Pada kesempatan yang sama, Menteri Dalam Negeri (Mendagri) Tito Karnavian mengatakan bahwa pemerintah pusat dan daerah tengah memberi perhatian besar pada penataan ulang rencana tata ruang wilayah. Penataan itu turut mengatur terkait alih fungsi lahan, lahan baku sawah, serta LP2B dan kawasan pertanian berkelanjutan.

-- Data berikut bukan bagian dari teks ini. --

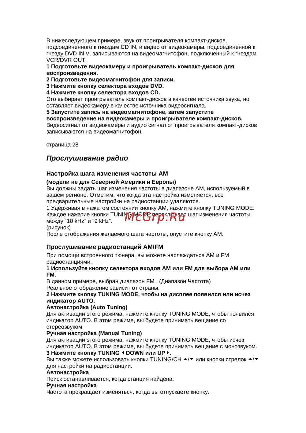 При помощи встроенного тюнера, вы можете наслаждаться АМ и FM
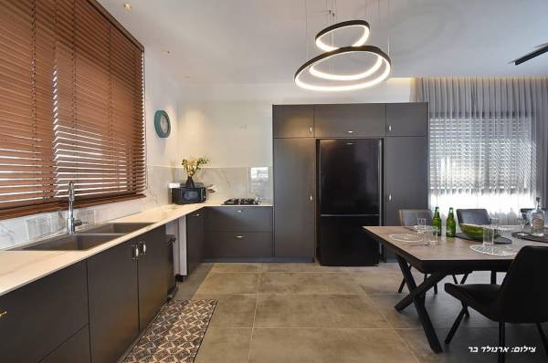 מטבח מאובזר הכולל 2 תנורים, 2 כיורים, מיקרוגל, כיריים גז, מקרר, תמי4, כלי אוכל והגשה.

Tito menyebutkan bahwa daerah wajib melakukan revisi tata ruang sebagai langkah strategis untuk memastikan lahan pertanian yang ada tidak terkonversi sembarangan. Ia menambahkan bahwa 87 persen wilayah dalam tata ruang nasional saat ini telah diproyeksikan sebagai kawasan pertanian.

Oleh sebab itu, perlindungan terhadap sawah eksisting menjadi prioritas utama pemerintah. Sebagai tindak lanjut, pemerintah akan mengadakan pertemuan gabungan antara Kementerian Agraria dan Tata Ruang/Badan Pertanahan Nasional (ATR/BPN), Kemendagri, Badan Informasi Geospasial (BIG), dan Kementerian Pertanian (Kementan) untuk mendorong pemerintah daerah segera merevisi peraturan daerah mereka.

Revisi itu penting untuk memastikan perlindungan lahan sawah sekaligus menyiapkan lahan untuk perluasan sawah baru. Dalam hal ini, konversi lahan tetap dimungkinkan, tetapi harus mengikuti mekanisme dan regulasi yang ketat.

“Semua ini kita lakukan untuk memastikan swasembada benar-benar tercapai. Kita lindungi sawah yang ada, kita siapkan sawah baru, dan semuanya harus disiplin,” tutur Tito.